The 2003 American Society of Cataract and Refractive Surgery (ASCRS) survey of practice styles and preferences indicated that, since 1998, hydrophobic acrylic has been the preferred IOL optic material.1 Because surgeons appreciate the controlled unfolding characteristics associated with this class of materials, the popularity of hydrophobic acrylic lenses has increased worldwide since their introduction.

In the August 2010 issue of CRST Europe, Khiun F. Tjia, MD, of the Netherlands, summarized the characteristics of hydrophobic acrylic IOLs that were new to the European market.2 As a follow-up, this article provides an overview of biocompatibility issues related to hydrophobic acrylic lenses and a discussion of new material and design trends in IOL manufacturing (Table 1) and the possible influences of these trends on surgical outcomes. This information was obtained through the corresponding manufacturers and peer-reviewed literature.3 The list of IOLs is not exhaustive; some were included in Dr. Tjia’s previous publication.2

BIOCOMPATIBILITY

Uveal biocompatibility. This is defined as the reaction of the uvea to an IOL. In the body’s response to the presence of a foreign body—the IOL—monocytes (lymphocytes) and macrophages migrate through blood vessel walls to the aqueous humor and eventually to the IOL surface. As this occurs, the monocytes and macrophages transform—the monocytes into small round cells and macrophages into epithelioid and foreign-body giant cells.
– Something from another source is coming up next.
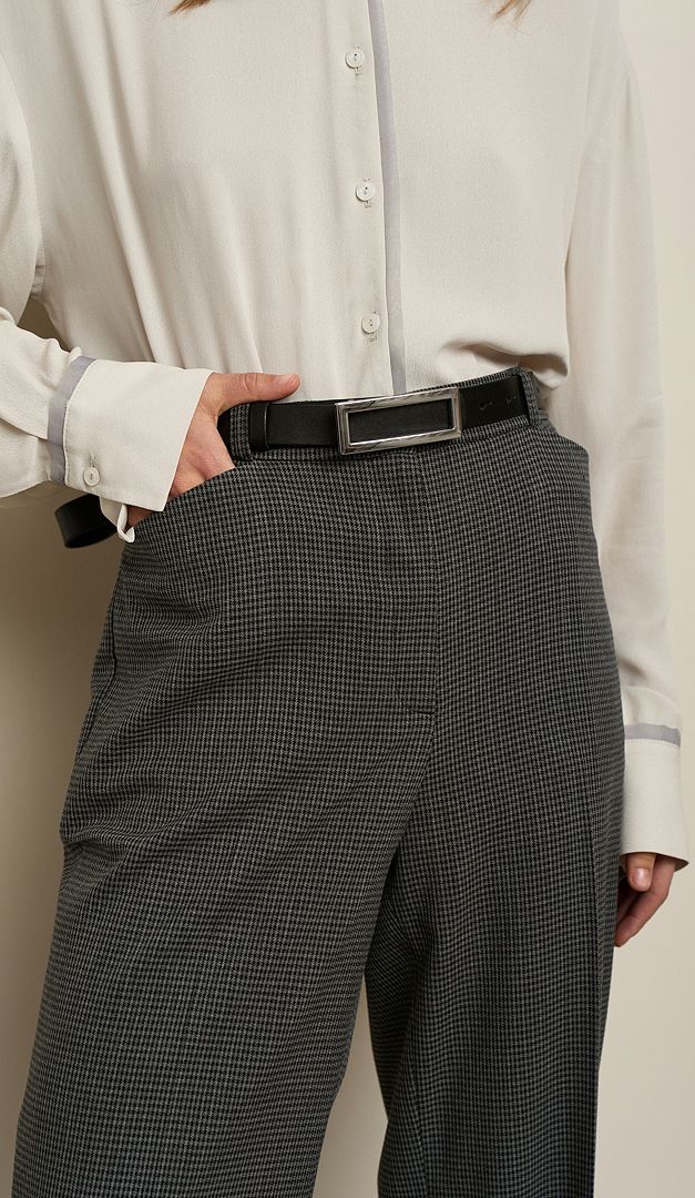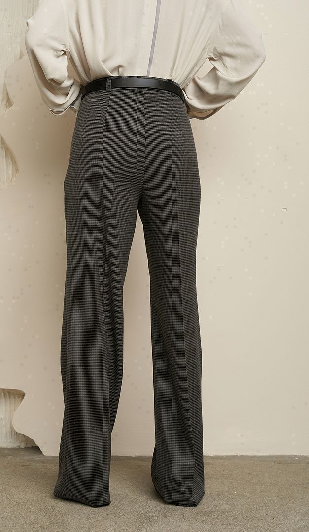 Штани жіночі кльош чорний меланж стануть вдалим рішенням, для створення стильних офісних образів. Модель має високу посадку по фігурі, прямий вільний крій і дві практичні кишені. Штани жіночі кльош чорний меланж застібаються на блискавку, один гаплик і ґудзик. Верх моделі оформлений класичним поясом з петлями. Запрасовані стрілки підкреслюють стрункість силуету, а оригінальний чорно-сірий принт буде вдало комбінується з будь-яким верхом. Без підкладки.

These cells, which are responsible for the phagocytosis of debris, bacteria, and foreign material, reflect a natural immunologic process in a foreign-body reaction.

Abela-Formanek et al4 conducted a comparison of the uveal biocompatibility of hydrophilic acrylic (MemoryLens; Mentor Ophthalmics, Inc., Santa Barbara, California, and Hydroview; Bausch + Lomb, Rochester, New York), hydrophobic acrylic (AcrySof; Alcon Laboratories, Inc., Fort Worth, Texas, and Sensar AR40; Abbott Medical Optics Inc., Santa Ana, California), and hydrophobic silicone IOLs (CeeOn 920; formerly Pharmacia Corp., Peapack, New Jersey; technology since purchased by Abbott Medical Optics Inc.). The researchers found that the highest incidence of late foreign-body cell reaction was with hydrophobic acrylic IOLs (AcrySof, 30%; Sensar AR40, 17%), followed by the hydrophilic acrylic (MemoryLens, 8%; Hydroview, 4%) and silicone (CeeOn, 4%; CeeOn 911A, 0%) IOLs. A low-grade cellular reaction was clinically insignificant in all cases. Giant cells generally degenerate and detach from IOL surfaces, and only an acellular proteinaceous membrane is left around the IOL, isolating it from the surrounding ocular tissues.
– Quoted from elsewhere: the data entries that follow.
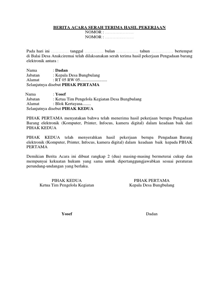 Berita Acara Serah Terima Hasil Pekerjaan Pdf
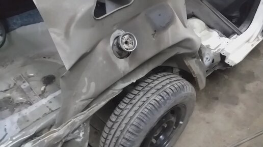 Вытягивание внутренней арки и замена заднего крыла на Лада Гранта в гаражных условиях ( окончательные работы )
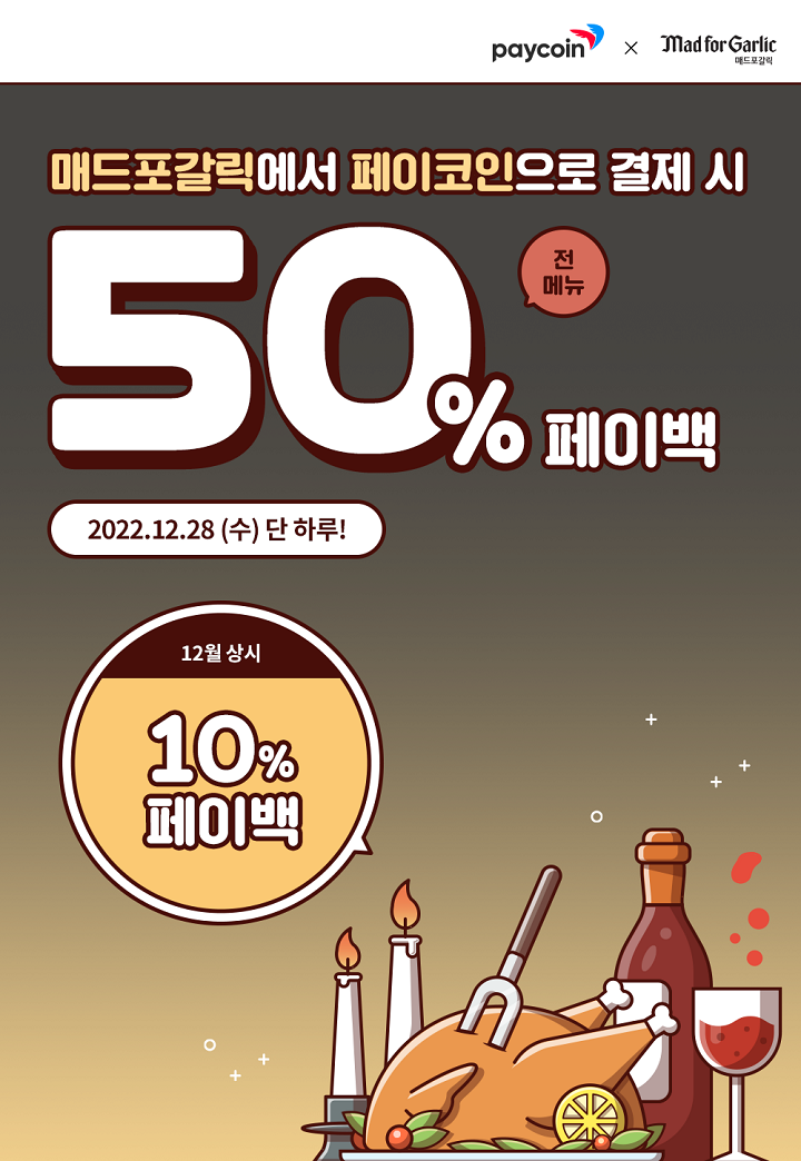 * 50% 페이백 특별 프로모션은 12월 23일 (금) 진행되며 최대 한도는 5,000원.

Capsular biocompatibility. Capsular biocompatibility has two components, the reaction of lens epithelial cells (LECs) and the reaction of the capsule to IOL material and design. Abela-Formanek et al4 also evaluated LEC outgrowth, anterior capsular opacification (ACO), and posterior capsular opacification (PCO) outcomes in the same lenses enumerated above. The highest incidence of LEC outgrowth on the anterior IOL surface (originating from the anterior capsular rim) was in the hydrophilic acrylic group (Hydroview, 85%; MemoryLens, 27%), followed by the hydrophobic acrylic (AcrySof, 4%; Sensar AR40, 3%). No LECs were found on the anterior surface of the silicone IOLs. The difference among IOL groups was significant (P=.0001). ACO was more predominant in the hydrophobic IOL groups.
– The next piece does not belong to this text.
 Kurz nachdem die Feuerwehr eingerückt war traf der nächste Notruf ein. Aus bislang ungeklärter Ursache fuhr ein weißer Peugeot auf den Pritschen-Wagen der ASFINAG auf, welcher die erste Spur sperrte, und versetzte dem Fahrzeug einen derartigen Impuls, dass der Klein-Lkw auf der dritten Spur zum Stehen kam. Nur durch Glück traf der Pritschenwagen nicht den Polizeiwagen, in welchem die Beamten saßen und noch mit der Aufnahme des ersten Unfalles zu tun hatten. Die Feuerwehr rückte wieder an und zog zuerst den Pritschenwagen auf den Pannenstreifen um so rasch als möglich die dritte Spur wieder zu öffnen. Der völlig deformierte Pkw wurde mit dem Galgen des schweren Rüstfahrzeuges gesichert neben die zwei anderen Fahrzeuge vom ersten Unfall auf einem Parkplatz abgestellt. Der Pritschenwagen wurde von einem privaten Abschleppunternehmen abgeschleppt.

Other studies have shown more fibrosis of the anterior capsule and ACO in association with silicone IOLs, especially plate-haptic designs.5 Additionally, some studies4,6 have indicated that PCO was lower with square-edge–design IOLs, regardless of IOL material.

DESIGN FEATURES AFFECT PCO

The preventive PCO effect associated with the square edge may be due to the mechanical barrier effect,7 the contact inhibition of migrating LECs at the capsular bend created by the edge,8 the higher pressures exerted by IOLs with a square-edged optic profile on the posterior capsule,9 or combinations of these factors.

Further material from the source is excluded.